Interlocutory Application).

g)The Court has “erred at law” with its administration of said applications, in dismissing a valid application at b) above, by exercising a discretionary decision which was arbitrary interference and based on prejudice and preference, rather than fact or law.

h)After all of the delays in obtaining a just outcome moving forward, the reality is that the higher courts had ordered the appointment of permanent trustees to be made at an AGM, and to replace the interim trustees under section 220 of the Ture Whenua Maori Act 1993.

i)This did not mean that separate applications under section 239 of the Ture Whenua Maori Act 1993, to remove and replace trustees was needed to be filed to achieve this at all. All that was required was a minute from an AGM with the appointed permanent trustees to be produced to the Court.

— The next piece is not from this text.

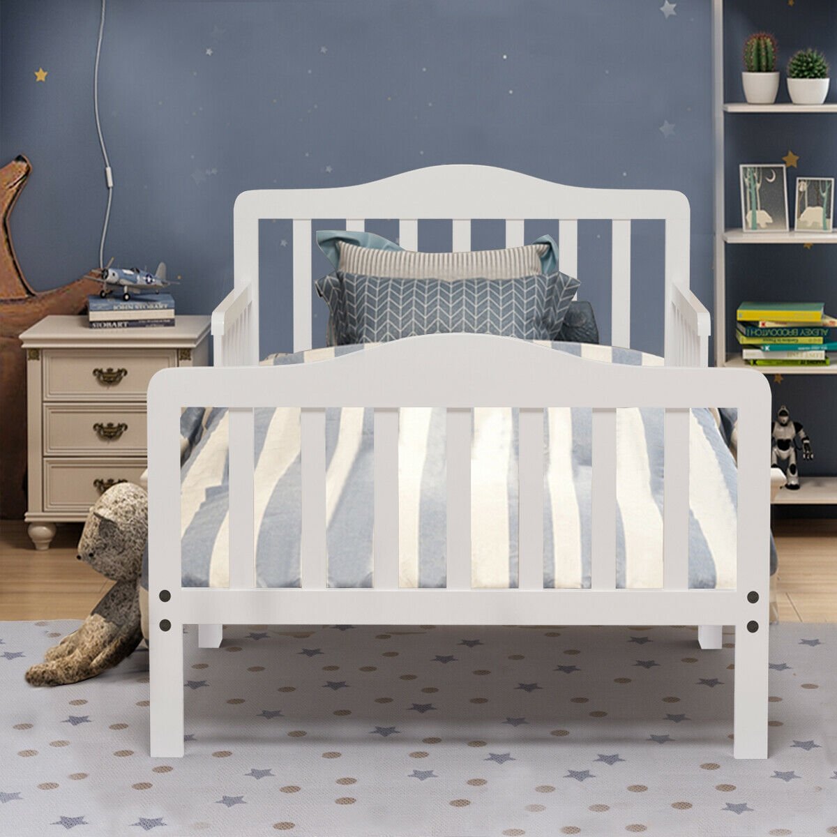 Classic Design Kids Wood Toddler Bed Frame with Two Side Safety Guardrails-White

j)The injunction is made without notice, as any further delay is a delay with natural justice.

[9]                  Decisions of the Maori Land Court and the Maori Appellate Court are amenable to judicial review. But every final decision of the Maori Land Court is appealable to the Maori Appellate Court and from there to the Court of Appeal. It seems that at least a part of the process identified by the Applicants has been referred to the Court of Appeal.

[10]              Decisions of this Court and of the Court of Appeal are not amenable to judicial review.

[11]              The Applicants have done their best. But what they seem to want, in the guise of judicial review, is to have this Court reconsider decisions of fact and law made by Courts of specialist jurisdiction dating back to 1998. It is unclear whether rights of appeal have been exhausted.

[12] In my view, in the absence of clear pleadings complying with the rules and in the absence of clear jurisdiction, it would be an abuse of the process of the Court to embark on such a wide-ranging inquiry. There would effectively be no limits to it. I agree with the comments of Gault J at [10] of his Minute, which I quote at [4] above.

[13]              I appreciate that the Applicants are lay litigants. But that does not excuse them from compliance with the rules which are designed, in part, to ensure that issues and jurisdiction are properly defined.

[14]I make an order striking out the proceeding.

[15]I point out to the Applicants that they have the right to appeal this decision.